Ivy_Alpha[d], KartikPrabhu1, KartikPrabhu, edburns[d], Seirdy, gRegor, ur5us, [jeremyfelt], P1000[d], gRegorLove_ and IntriguedWow[d] joined the channel; KartikPrabhu left the channel
@CircleReaderSo, way back when, I tried encoding hReview microformats into some #WordPress book-blog posts, and even styling them like blocks — but I was never a full time front end web dev, just an enthusiastic learner & believer in what has now, apparently, become the #IndieWeb community. (twitter.com/_/status/1471183567438950400)
gRegorYeah, a stretch goal of mine for the indieweb gift calendar was to get that released. Would love any input and help. I think it's pretty much ready
ZegnatMaybe I was. Though most of the stuff I did last for the PHP parser was making it use the latest version of the test suite and massage those into something that made sense.
ZegnatI am ... ambivelent to the mbstring merge? My worry is not so much about the code as it is about the maintanence of said code. I personally do not want to maintain a charset sniffer as part of the mf2 parser just so we can get rid of multibyte functions (that I think ship by default with PHP these days?)

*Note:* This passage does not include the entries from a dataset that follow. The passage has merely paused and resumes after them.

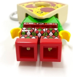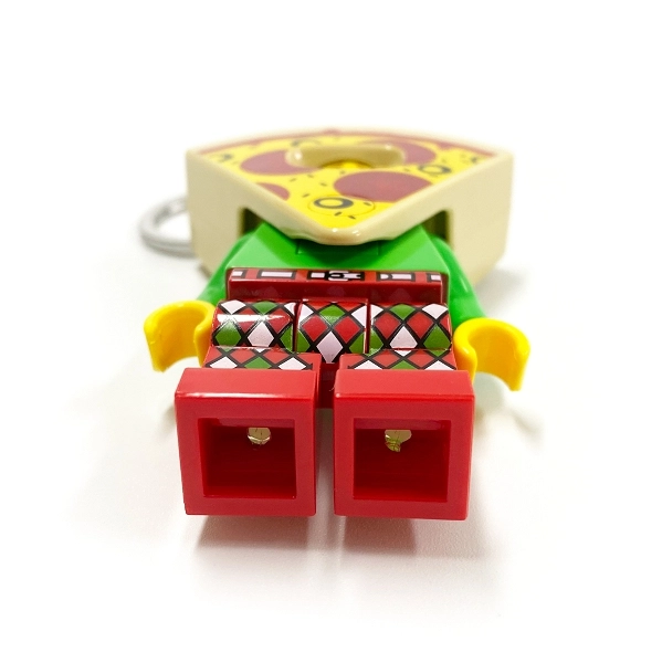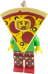 Okamžite rozpoznateľný vzhľad LEGO minifigúrky v pizza kostýme pridá vašim kľúčom osobitý štýl a hravosť.
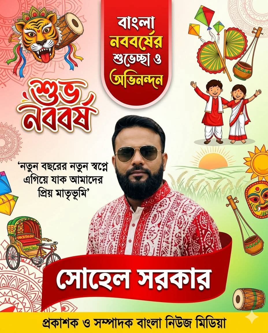 পহেলা বৈশাখ, বাঙালি সংস্কৃতির অবিচ্ছেদ্য অংশ ও প্রাণের উৎসব। বাঙালির এই গৌরবোজ্জ্বল দিনটি উপলক্ষে দেশ ও প্রবাসের সকল বাঙালিকে বাংলা নববর্ষের আন্তরিক শুভেচ্ছা জানিয়েছেন বাংলা নিউজ মিডিয়া-র প্রকাশক ও সম্পাদক সোহেল সরকার।
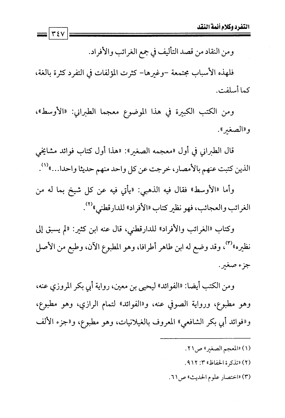 وكتاب «الغرائب والأفراد» للدارقطني، قال عنه ابن كثير: «لم يسبق إلى نظيره» (¬٣)، وقد وضع له ابن طاهر أطرافا، وهو المطبوع الآن، وطبع من الأصل جزء صغير.
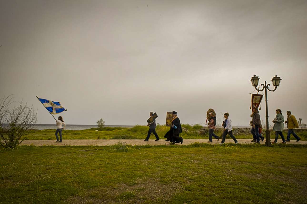 Σαν καρέ από ταινία του Αγγελόπουλου, η περιφορά της εικόνας της Ανάστασης, Δευτέρα του Πάσχα στη Χίο
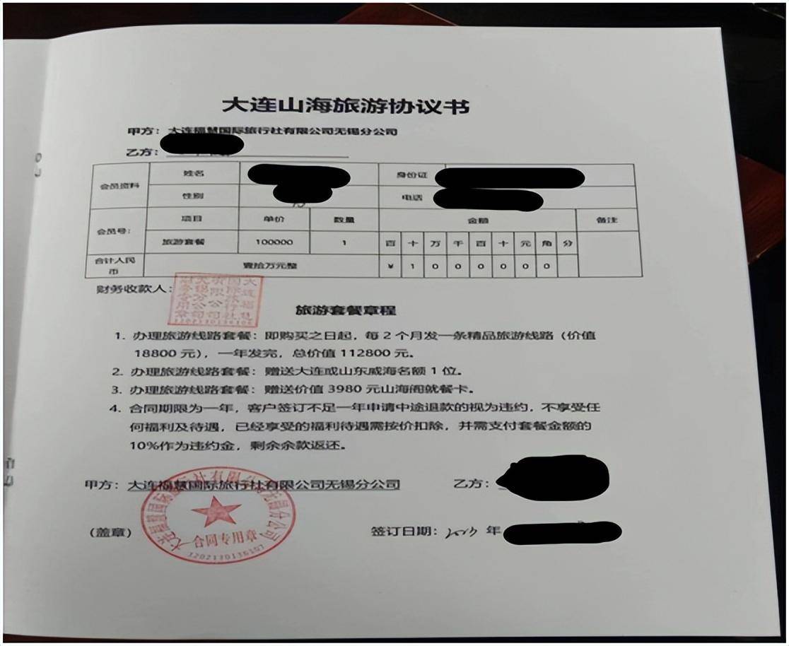 知情人拿出一份10万元投资的《大连山海旅游协议书》和10几张投资人交纳费用的发票给记者看。《大连山海旅游协议书》内容非常简单,甲方为大连福慧国际旅行社有限公司无锡分公司,乙方为投资人,再下面就是表格,内容是:会员资料(包括姓名、性别、身份证号、电话);会员号(包括项目、单价、数量、金额);合计人民币;财务收款人:大连福慧国际旅行社有限公司无锡分公司财务专用章。再下面就是“旅游套餐章程”。
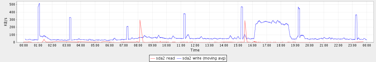 avg(sda read) = 0.42 avg(sda write) = 600.77
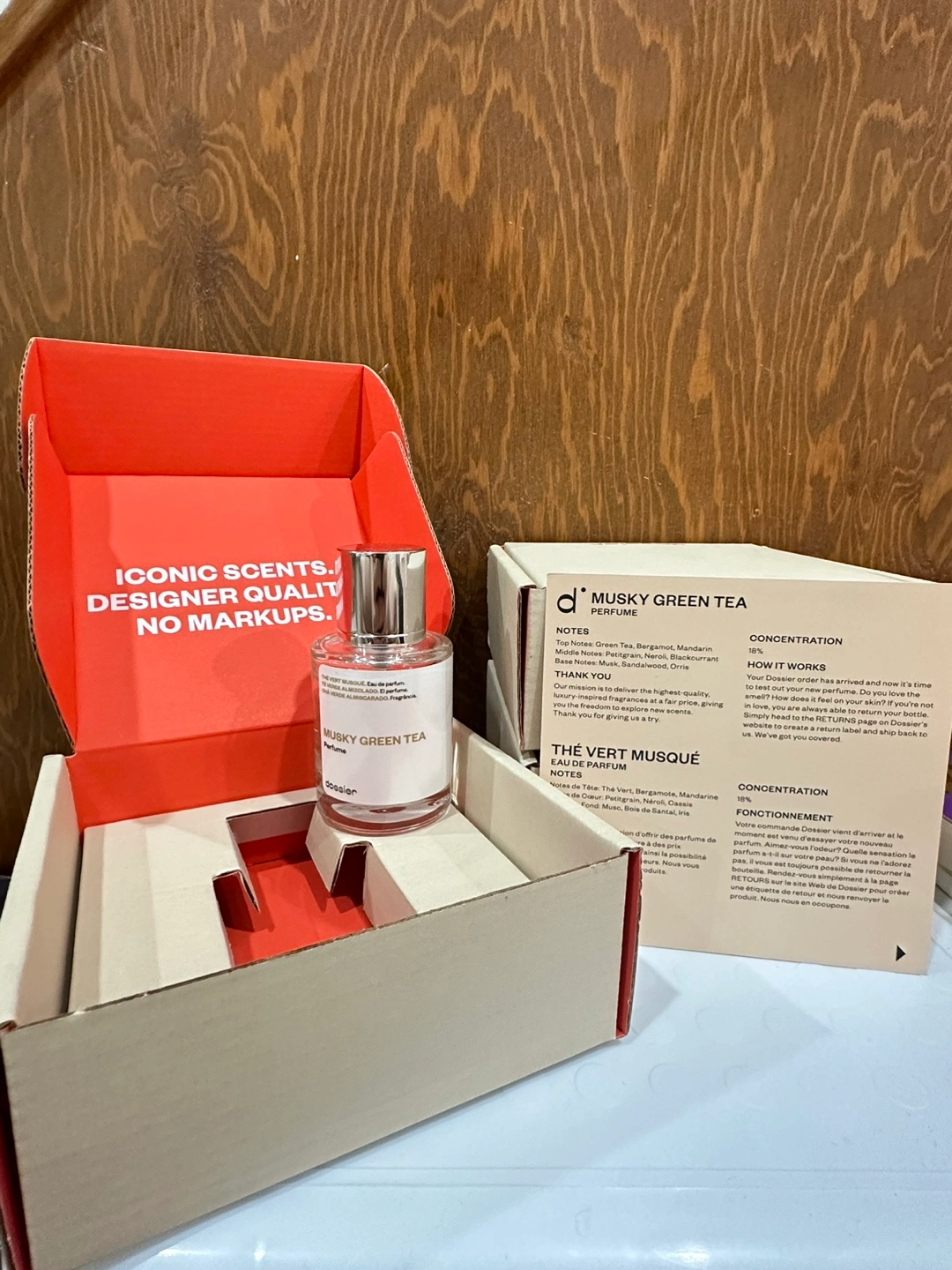 New Dossier Musky Green Tea perfume. Eau de parfum. 18% concentration. Includes box. Brand new Dossier Musky Green Tea Inspired by Creed's Silver Mountain Water Retail Price: $60+ tax ( Only asking $40) Gender: Unisex Vegan | Cruelty-free PETA Animal Test Free | Clean ingredients Musky Green Tea opens on a crisp and invigorating note, combined with an exhilarating splash of green tea, neroli, petitgrain, and black current. This burst of unexpected freshness creates a cooling effect that is incredibly long-lasting. Pair that with hints of clean muskiness and rough sandalwood, and this is a scent that has no problem standing all on its own. Pure and bright, Musky Green Tea evokes the crispness of an invigorating breeze of fresh mountainous air, and the coolness of sparkling streams in the Swiss Alps.

ZegnatI do not know of any PHP tools like ftfy. I also do not think it would help? From https://ftfy.readthedocs.io/en/latest/detect.html is sounds like ftfy already expects unicode in, and will try to not touch bytes that it deems are correct. IIRC the whole problem for mf2 parser in PHP is that the PHP HTML parser throws a hissyfit on certain encodings thus we need to force-normalise it wholesale?
ZegnatProbably because PHP lacks a real HTML parser, it is all handled by whatever version of libxml was pulled in by your distro when PHP was compiled.
[KevinMarks]PHP encoding is a dice roll by PHP version, as different ones assumed different encodings for bytes by default, and it tends to mix with MySQL, who add special new subsets too.